5/12/14 – WTF – Irritability and Anger

Really? How quickly can someone turn into a complete bitch? I get it. It’s called “splitting.” Or it’s a criteria to meet for a diagnosis:

BPD is a cluster B personality disorder where an essential feature of which is a pattern of marked impulsivity and instability of affects, interpersonal relationships and self image. Other symptoms include intense anger and irrationality.

Yeah – fuck that. Five texts and two emails today from Hunter. Some about her Dad, our son, and money for our daughters pictures. She just a $25k cash bonus, and I give up $35k a year in alimony and can she get $20 to split out daughters class pictures. And she gets both the 8 x 10’s and we split everything else blah, blah, blah. Cheap bitch is eventually going to come to Jesus and get her due.

At our sons playoff game she is there early and she has already changed into shorts.
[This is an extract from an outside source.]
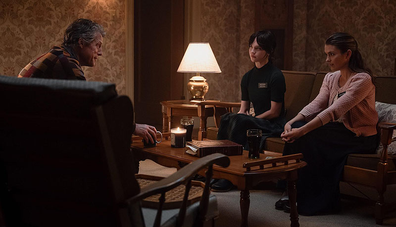 Cuando “Heretic” no era más que un proyecto, Hugh Grant se sinceró en una entrevista con estas palabras: “Me estoy aburriendo de interpretar papeles obvios que me encasillan”. No sólo se refería a sus comedias románticas, como “Love Actually” o “Notting Hill” (o la mencionada “Cuatro bodas”), sino también a sus brillantes trabajos como villano de opereta en “Dungeons and Dragons”, “Paddington 2” o “The Gentlemen: los señores de la Mafia”. Hacía ya de “malo” en estos films, pero era un “malo simpático” lleno de sentido del humor, y él quería otra cosa. La entrevista en la que hablaba de su aburrimiento llegó entonces a las manos de los mencionados Beck y Woods, que abordaron el guión de “Heretic” con Hugh Grant en mente, y se lo hicieron llegar nada más terminarlo. Y era justo lo que Grant estaba buscando.

She can’t get out early to drop the kids off at a midpoint if I move to Orange County, but for a game where she can show off her tan legs in her new daisy duke style shorts – no worries.

That’s ok. She is worried about her dad who seems to be flip flopping in and out of surgery. Everything is fine, but she gets some text or email and it looks like she is about to cry. I text her if everything is ok and she blows me off. Maybe it’s work, maybe it’s her dad, maybe her boyfriend just told her to get lost, maybe the Locke Ness Monster told her she was pregnant with her baby and she can’t afford the child supports. I don’t know what it is, but she blows up after I ask her about it.

She is a bitch to me, to my daughter, to my mom. I walk away and talk with some of the other parents. I walk back and ask if this is the last inning. She goes on a diatribe about yes it, she knows, she overhead them talk, etc, etcetera. I say it’s not like I would know. There is no way to know which dugout is home or away.

This is an old argument between her and I. She is head strong on third base side is home. That’s where the Angels keep it. But more teams keep it on the first base side in MLB. She doesn’t know it because she doesn’t really know a lot about things she has not personally experienced. She always chastises me on this, but she is just plain wrong. She starts in on this again, and I stop her in her tracks. I walk away.

On the way out she yells at my mom about the end of the inning. Hunter goes on about the wrong playoff schedule since she obviously did not look at the new schedule the league just sent out. I know I’m not the “alpha male” jock type, but I did coach his team the last time he played and I was on the Leagues Board. I know a few of the basics and I don’t need this brat to tell me the why’s and where’s of baseball because she used to watch her brother play. Force out is not a Star Wars movie.

I keep walking. On the way out, she starts yelling at Son and the coach backs her up but things start going bad because Hunter has to take them out to dinner in order to bribe son into playing. (They didn’t win but son had four hits, two RBI’s, and an out. Not too bad for an Aspie with horrible ADHD). She starts going on about calling me late and I tell her not to. I don’t want to talk to her if she is still in bitch mode, much less watch the kids cry because she has treated them like shit.

I go grocery shopping, and get home around 8:30 to a quiet house and peaceful reality. Talked with a couple of people and watched a hot married blond follow me around the store. I ignore her. If you are married you are not on my radar – even if she wants to talk about some new TJ’s cookie style peanut butter. If there is a ring – you are not for me.

Hunter is a fucking nightmare and my Creator needs to help me get her out of my head and my daughter out of her roof. My patience is getting low, but hopefully I can help her find a way to walk away from both kids. Time to eradicate everyone from her illness since it is obvious she is never going to seek treatment – just a new prop to replace me and the rest of her imperfect family. Then all hell will break loose.

4 thoughts on “5/12/14 – WTF – Irritability and Anger

    • Thanks for thinking of me. I have discussed this with a lot of people, and I always get the same answer. So 2e are mediating. My attorney has informed me of the way of CA laws. She gets a “mom friendly” report. I get a “dad friendly” report. The courts ignore a “diagnosis” for provable abuse which the court will not consider coming from a 7 year old on the Spectrum and a 3 year old. The court looks to my sons ASD and notes he has attached himself to her and awards custody to her. The children’s right to siblings is greater than a parents right to split the children apart in CA, so my daughter would go with her. My attorney is one of the Top 100 in SD the last 7 years, so I am fairly confident in her abilities. I have had a second opinion conversation from another attorney in La Jolla with the same answer. My attorney told me she could get me more than 80/20, but not 50/50. We have negotiated 35/65 which is more than I think she can handle. I have had two LMFT’s tell me it wouldn’t be unusual for her to give up the children under the stress or to get a new husband. I am hoping she breaks in October – her busiest time of the year. Thanks again for thinking of me and my children!